## [EXERCISE DETAILS]
Copy the lines below, word for word, from the first through the line containing "晚上实在不甘心就这样睡觉,跟". Leave the pictures out.

## [COLLECTED DATA]
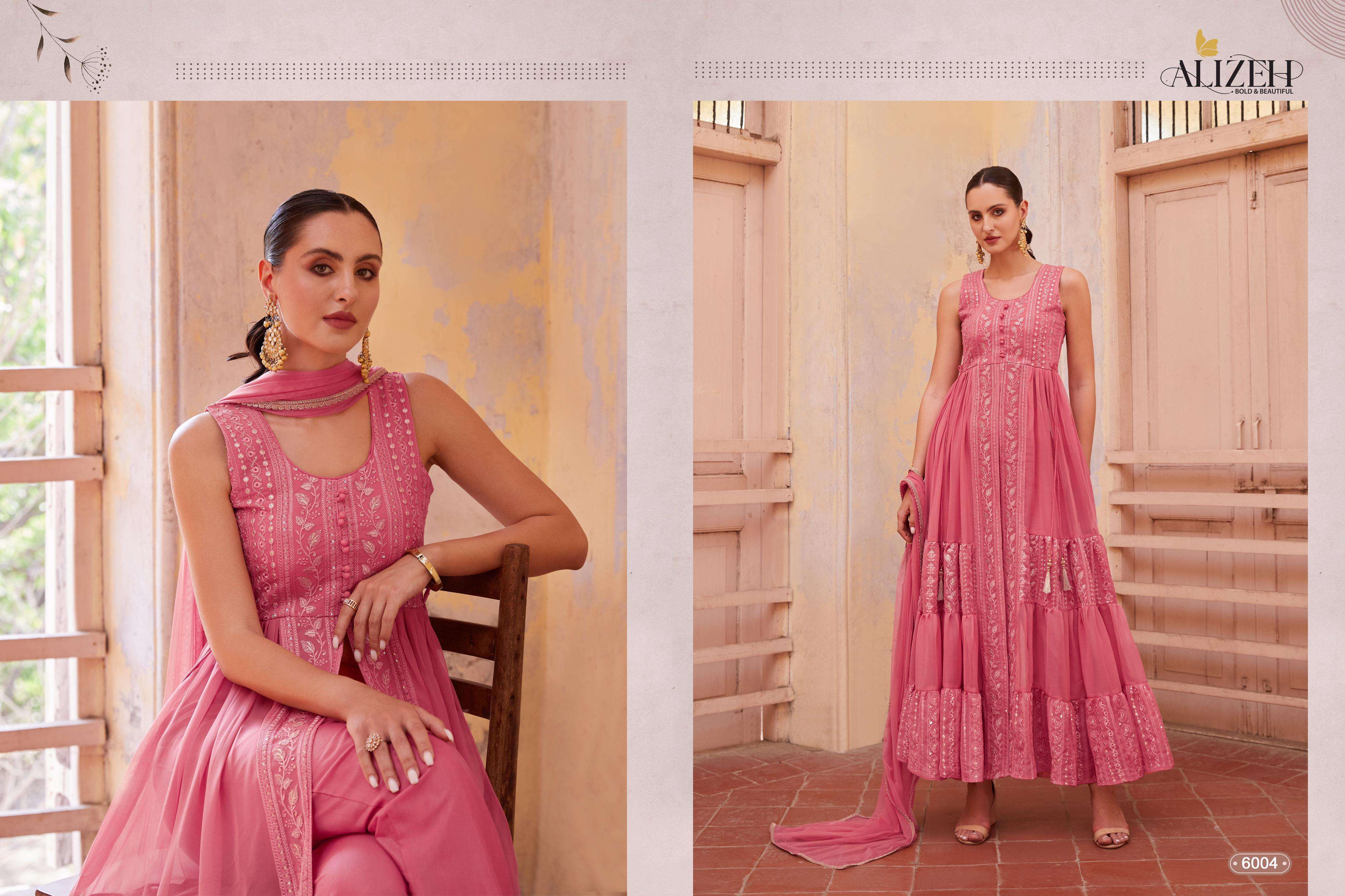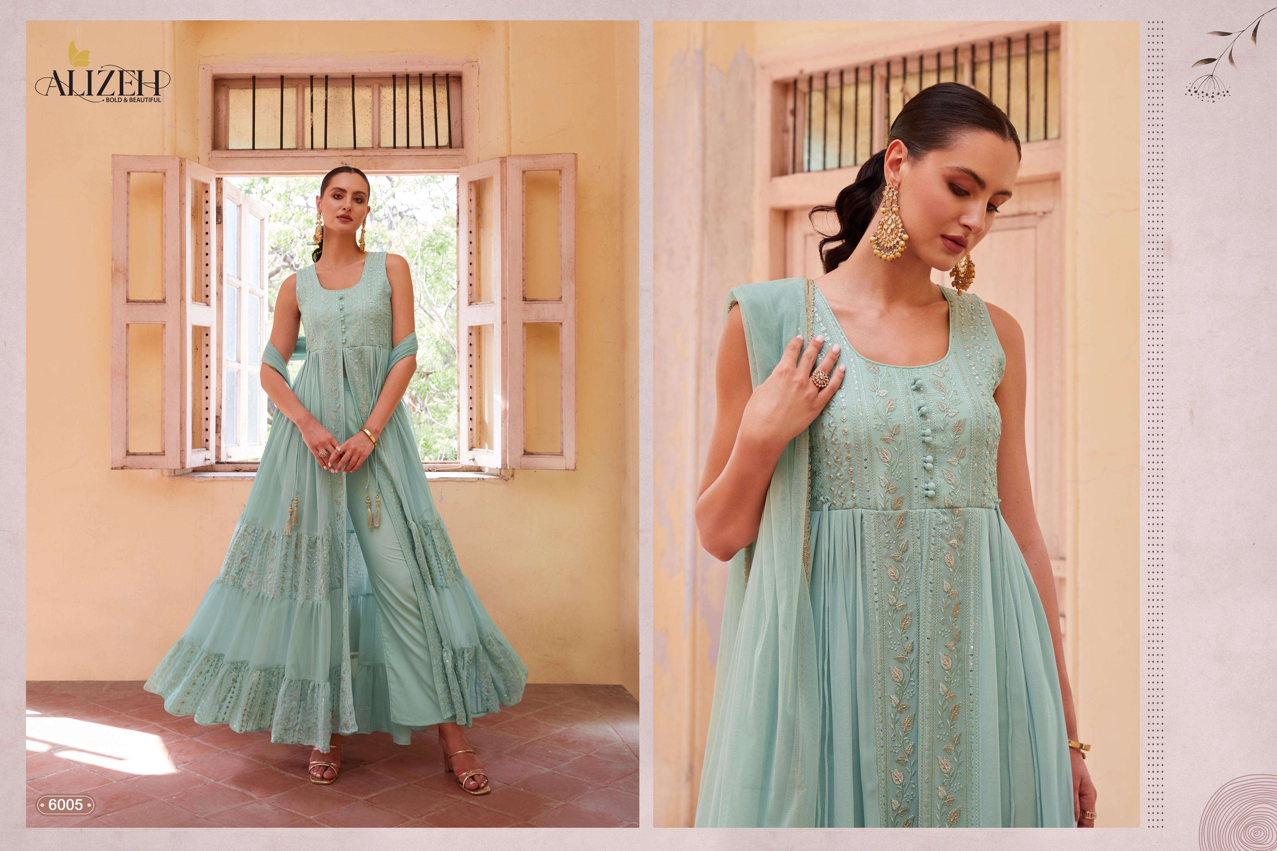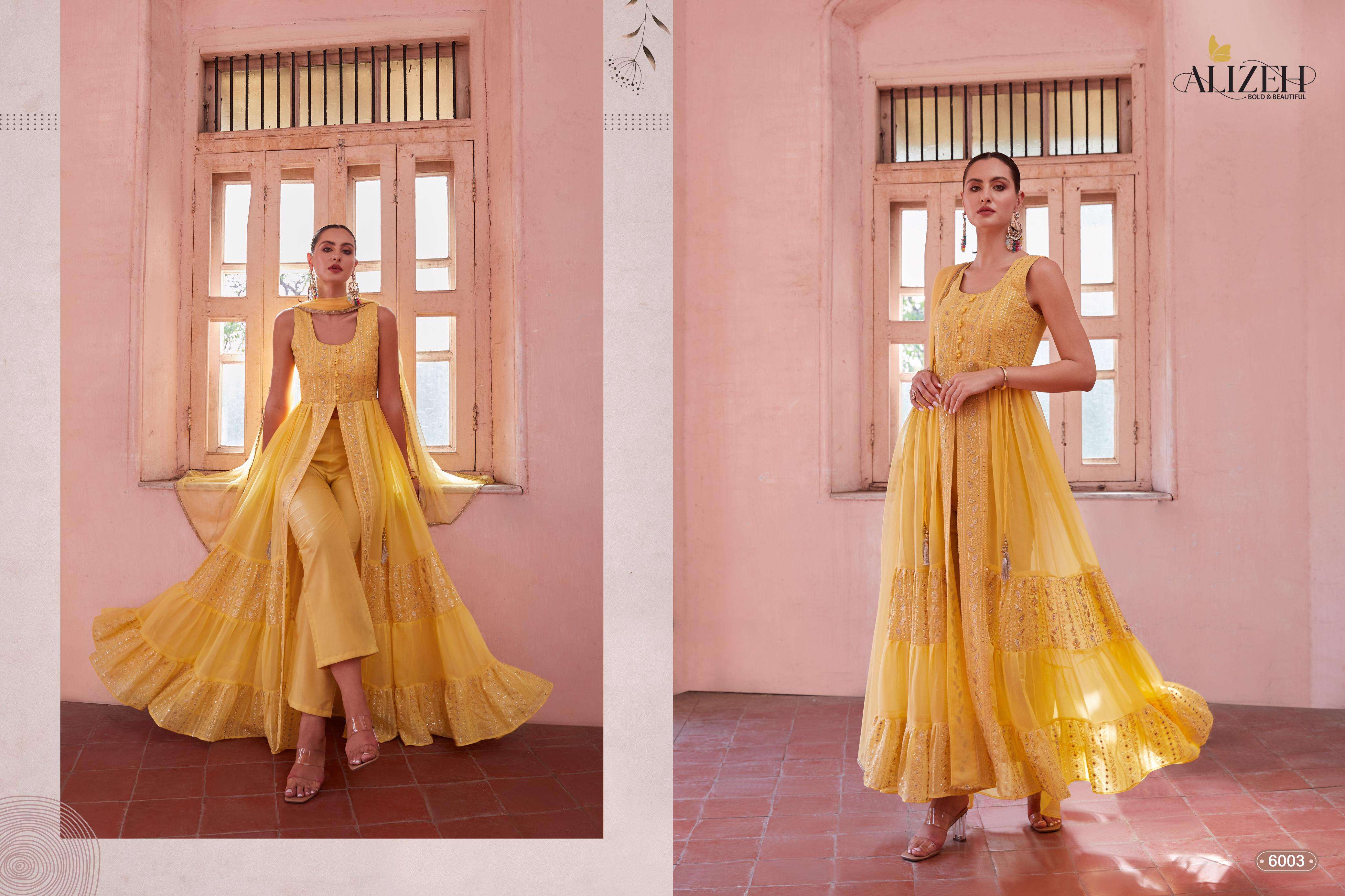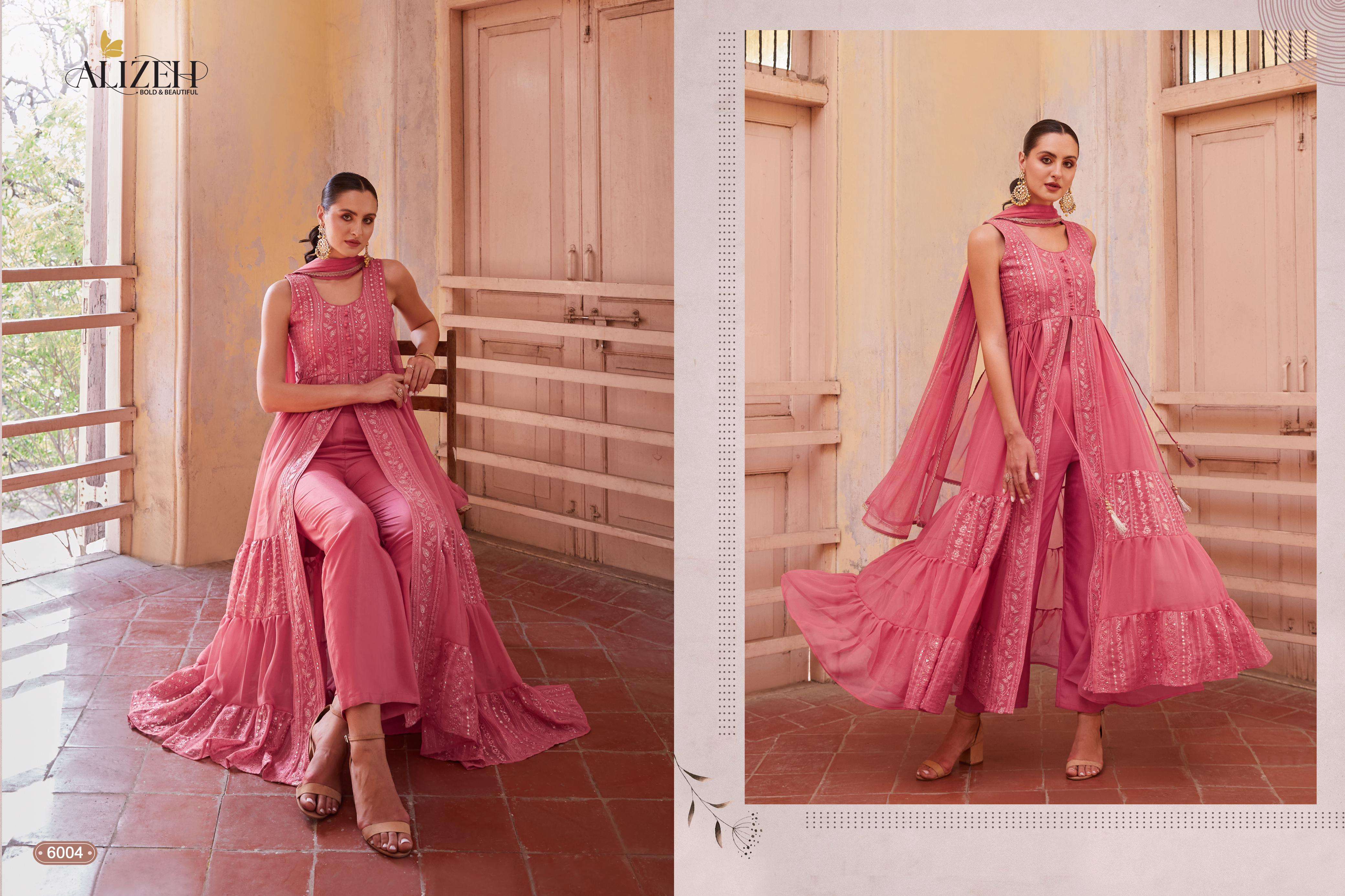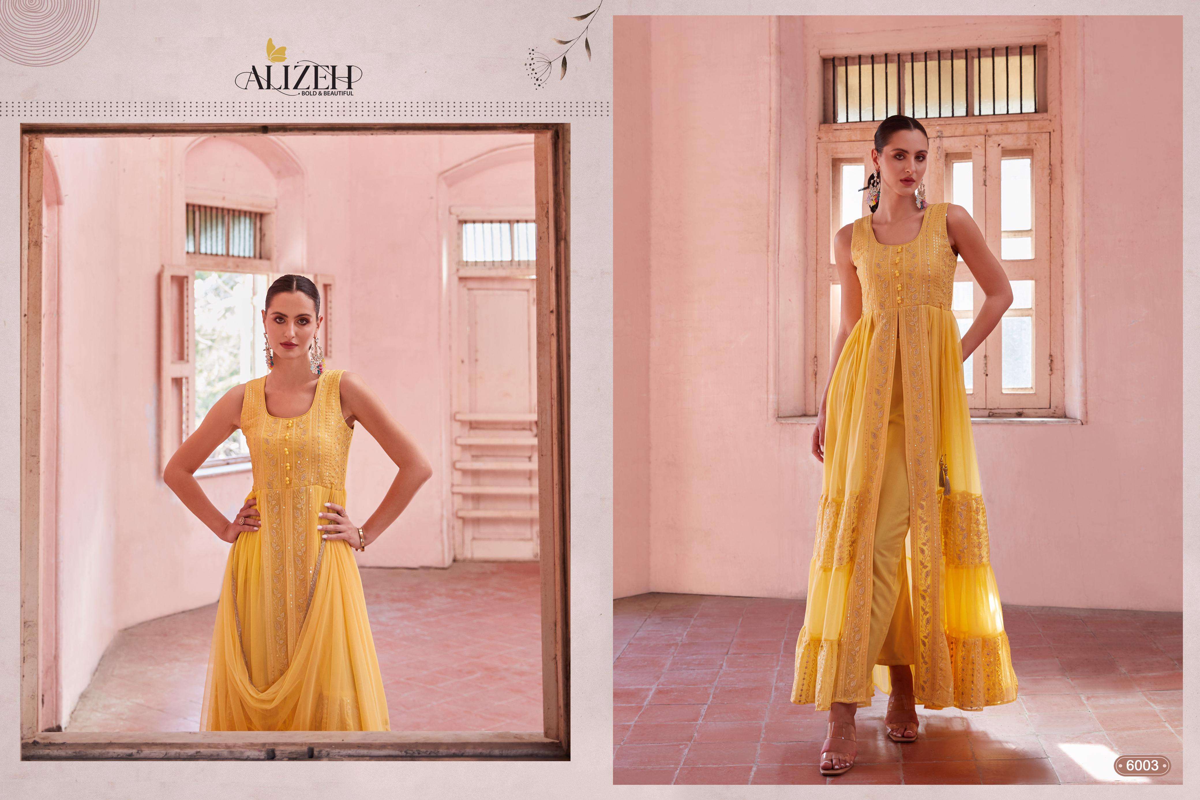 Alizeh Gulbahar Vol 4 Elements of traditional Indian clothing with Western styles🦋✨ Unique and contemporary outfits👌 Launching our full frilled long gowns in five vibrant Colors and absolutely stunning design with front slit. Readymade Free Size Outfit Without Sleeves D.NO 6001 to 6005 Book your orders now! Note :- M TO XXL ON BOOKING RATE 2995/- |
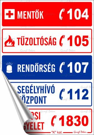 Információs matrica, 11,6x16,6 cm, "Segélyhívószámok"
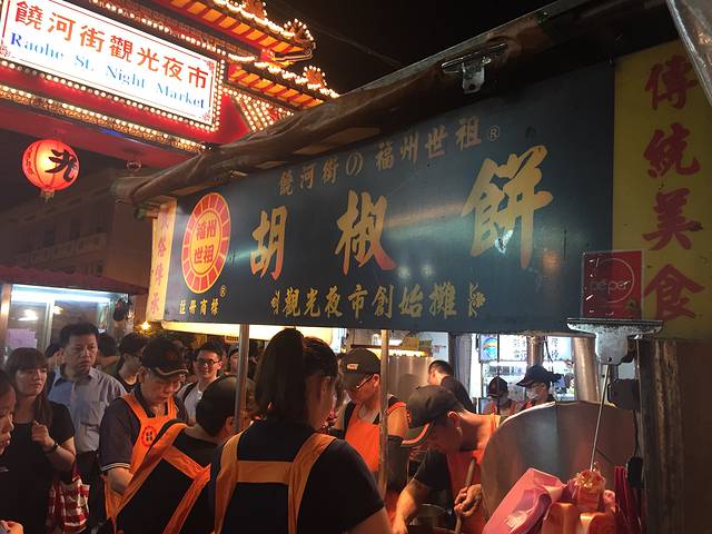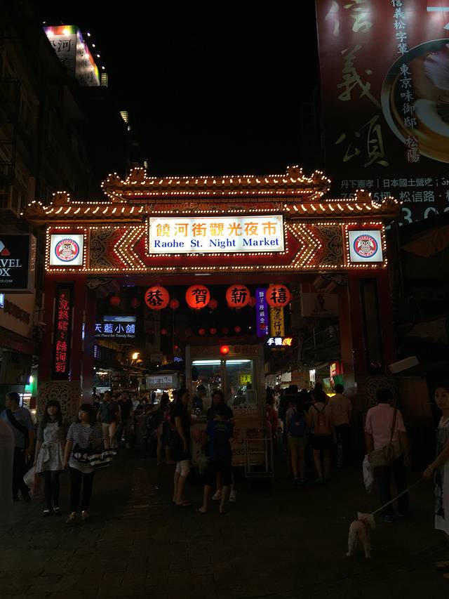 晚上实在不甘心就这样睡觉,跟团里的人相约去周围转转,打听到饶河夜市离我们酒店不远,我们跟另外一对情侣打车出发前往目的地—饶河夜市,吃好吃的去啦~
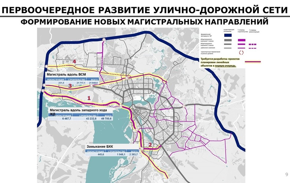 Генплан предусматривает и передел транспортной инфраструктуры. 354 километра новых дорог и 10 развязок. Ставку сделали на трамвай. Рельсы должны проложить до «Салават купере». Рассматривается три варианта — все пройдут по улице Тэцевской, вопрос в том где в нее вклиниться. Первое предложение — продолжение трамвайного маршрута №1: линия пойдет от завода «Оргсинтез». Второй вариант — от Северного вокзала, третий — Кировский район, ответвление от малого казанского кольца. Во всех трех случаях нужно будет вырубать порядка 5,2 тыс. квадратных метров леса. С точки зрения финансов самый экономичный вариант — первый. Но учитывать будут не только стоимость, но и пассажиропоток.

## [SOLVED EXERCISE]
 Alizeh Gulbahar Vol 4 Elements of traditional Indian clothing with Western styles🦋✨ Unique and contemporary outfits👌 Launching our full frilled long gowns in five vibrant Colors and absolutely stunning design with front slit. Readymade Free Size Outfit Without Sleeves D.NO 6001 to 6005 Book your orders now! Note :- M TO XXL ON BOOKING RATE 2995/- |
 Információs matrica, 11,6x16,6 cm, "Segélyhívószámok"
 晚上实在不甘心就这样睡觉,跟团里的人相约去周围转转,打听到饶河夜市离我们酒店不远,我们跟另外一对情侣打车出发前往目的地—饶河夜市,吃好吃的去啦~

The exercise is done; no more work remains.